Nigeria Centre for Disease Control (NCDC) on Monday cautioned Nigerians and other residents against embarking on non-essential travel to Uganda for now.
The NCDC Director-General, Dr Ifedayo Adetifa, gave the caution in a statement he signed on Monday in Abuja.
He stated that the warning is to enable public health authorities to determine how Ebola outbreak will be contained.
The News Agency of Nigeria (NAN) reports that as at Oct. 29, 2022, the Ugandan Ministry of Health reported 128
confirmed cases and 34 deaths.
Adetifa cautioned that when travelling to Uganda became essential, travellers should avoid contact with obviously sick persons or suspected cases of Ebola.
He said that the Port Health Service of the Federal Ministry of Health had scaled-up screening of passengers returning from Uganda at Points of Entry (POEs).
The NDCD boss said “travellers to Nigeria with recent travel history to Uganda or persons already in Nigeria but with recent travel history to
or transit through Uganda within the past 21 days are to look out for symptoms.
“Symptoms such as fever, muscle pain, sore throat, diarrhoea, weakness, vomiting, stomach pain or unexplained bleeding or bruising
should promptly call 6232 or state ministry of health hotlines for assessment and testing.

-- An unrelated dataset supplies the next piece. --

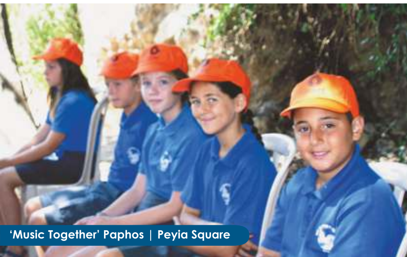
'Music Together' Paphos | Peyia Square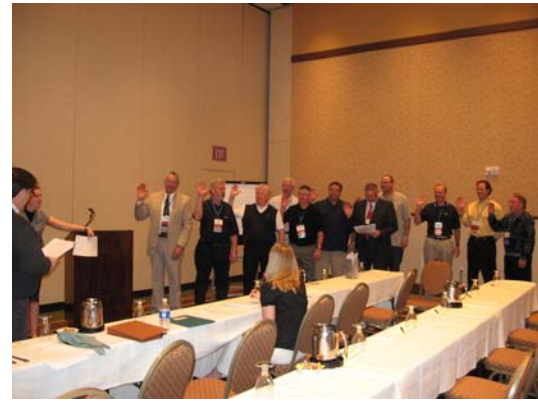
Board Members are sworn in for 2007.

“Such persons should not visit health facilities by themselves to avoid further spread through the shared transport system (public or private).
“They would be visited at home by dedicated responders for assessment and transported through designated transport arrangement to designated treatment centre when required.
“Intending travellers to Nigeria with the above-stated symptoms before departure, should not travel to Nigeria, but call to report promptly
to Port Health Authorities and/or designated health authorities in the country of departure for testing and care,” he said.
He added that in-bound travellers to Nigeria with recent travel history to or through Uganda without symptoms on departure but unwell while on transit, should be denied contact with other people.
Adetifa said such people are required to report to Port Health Service on arrival.
“Travellers with travel history to Uganda who show no symptoms on arrival should provide accurate information on the NITP platform to ensure follow-up from health workers.
“If any of the earlier-mentioned symptoms develop anytime within 21 days of arrival to Nigeria, please self-isolate immediately by staying indoors. Avoid contact with others, including immediate family.
“Call the NCDC 24/7 toll-free line immediately on 6232 or the emergency number of the state ministry of health.”
According to him, early initiation of supportive treatment has been shown to significantly improve outcomes, including reduced deaths.
The director-general said that local or international travel is not recommended until the completion of the 21-day follow-up period, adding that
“to prevent the spread of Ebola, the public should adhere to necessary precautionary measures.
“Wash your hands frequently using soap and water or use hand sanitisers when soap and water are not readily available and your hand is not visibly soiled.
“Avoid physical contact with anyone who has symptoms of an infection with unknown diagnosis.
“Healthcare workers are advised to always adhere to standard precautions. This includes the use of Personal Protective Equipment always when
handling patients, and always maintaining high index of suspicion.”